How does WhatsApp Web work without storing the private key on the web?
WhatsApp Web is its own device. When you scan the QR code on web.whatsapp.com, the browser generates a fresh key pair locally (in IndexedDB / browser storage) and your phone signs the new device's public key as "also yours." From then on, the web client receives messages encrypted to its own key, decrypted in-browser. The phone is no longer required to be online (post-2021 multi-device). The trade-off is that browser storage is less robust than mobile keystores — clearing site data wipes the keys, forcing a re-pair. WhatsApp mitigates by warning users before clearing storage on the web app.
How would you handle 1M concurrent voice/video calls?
P2P first, TURN/SFU only as fallback. 1-on-1 calls go peer-to-peer via WebRTC — server load is just signaling (~few KB per call setup), trivially scalable. Group calls hit an SFU that forwards encrypted streams without decoding — SFU bandwidth is the bottleneck, but each SFU box can handle thousands of streams, and SFUs are stateless / regionally deployed. TURN relays for NAT-blocked calls are pure UDP packet pumps, trivially scalable per region. The total server-side cost is tiny compared to messaging because calls are short-lived (avg 4 min) and the heavy lifting (encoding, encrypting frames) is on the phones.
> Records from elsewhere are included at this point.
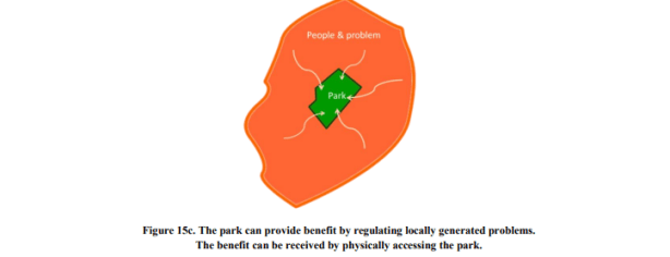 Los parques tienen una correlación positiva con la calidad del entorno de vida y la salud al proporcionar servicios de los ecosistemas. Sin embargo, el desarrollo de nuevos parques a menudo descuida el requisito necesario para que los parques puedan proporcionar y brindar servicios de ecosistemas a la población.
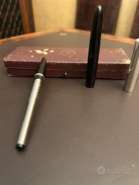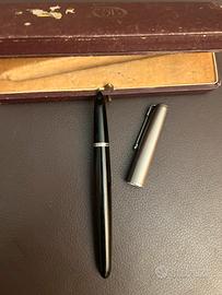 Bellissima penna stilografica d'epoca, Parker 51, corpo di colore nero con cappuccio color argento e gemma sul top, e pennino coperto, caricamento sackless filler speedline
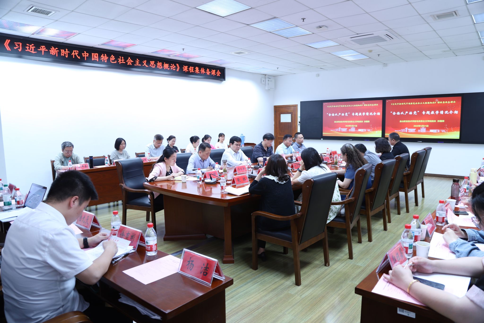 5月21日,伟德官网与金山职业技术学院共同举办了以“中央八项规定精神融入全面从严治党专题教学”为主题的集体备课会。校党委书记李洪波,金山职业技术学院党委书记徐铭、副书记王家新,两校马克思主义学院、团委有关领导及相关课程教师参加活动。

WhatsApp's call infrastructure regularly handles tens of millions of concurrent calls during peak New Year's Eve traffic.
If the server is blind, how do you handle abuse and spam?
Metadata heuristics, not content inspection. The server can see send-rates, recipient diversity, account age, device reputation, and "this account just messaged 5000 strangers in 10 minutes" — all without reading messages. Reactive: users can report a chat, which copies the offending messages out of their own device (decrypted by them, since they have the key) and uploads it for review. The reporting flow is the loophole that lets WhatsApp moderate without breaking E2E for everyone. Combined with phone-number-tied identity (each abusive account costs a SIM), this absorbs most spam without inspecting content.
What's the trade-off of "server cannot read messages" for backup/restore?
WhatsApp can't help you migrate, so the user has to. Historically, WhatsApp punted: phone-to-phone backups via the OS (iCloud / Google Drive) where Apple/Google held the data, often unencrypted at rest in the cloud. In 2021, WhatsApp shipped encrypted backups: backups uploaded to iCloud/Drive are encrypted with a key derived from a 64-digit recovery code (or password). The cloud provider stores the ciphertext but doesn't have the key — same E2E principle, applied to backups. Trade-off: lose your recovery code, lose your history forever. WhatsApp considers this an acceptable price for the privacy guarantee.
The one-line summary the interviewer remembers: "WhatsApp is a fleet of stateless socket servers + a Routing Service that maps users to servers, fronted by a per-device offline message queue. Encryption — Signal Protocol's X3DH and Double Ratchet — happens on the devices, so the server is just a router of opaque ciphertext. Multi-device sync works by treating each device as its own peer with its own keys. Media bypasses the messaging path entirely via S3 with the AES key shipped inside the encrypted message."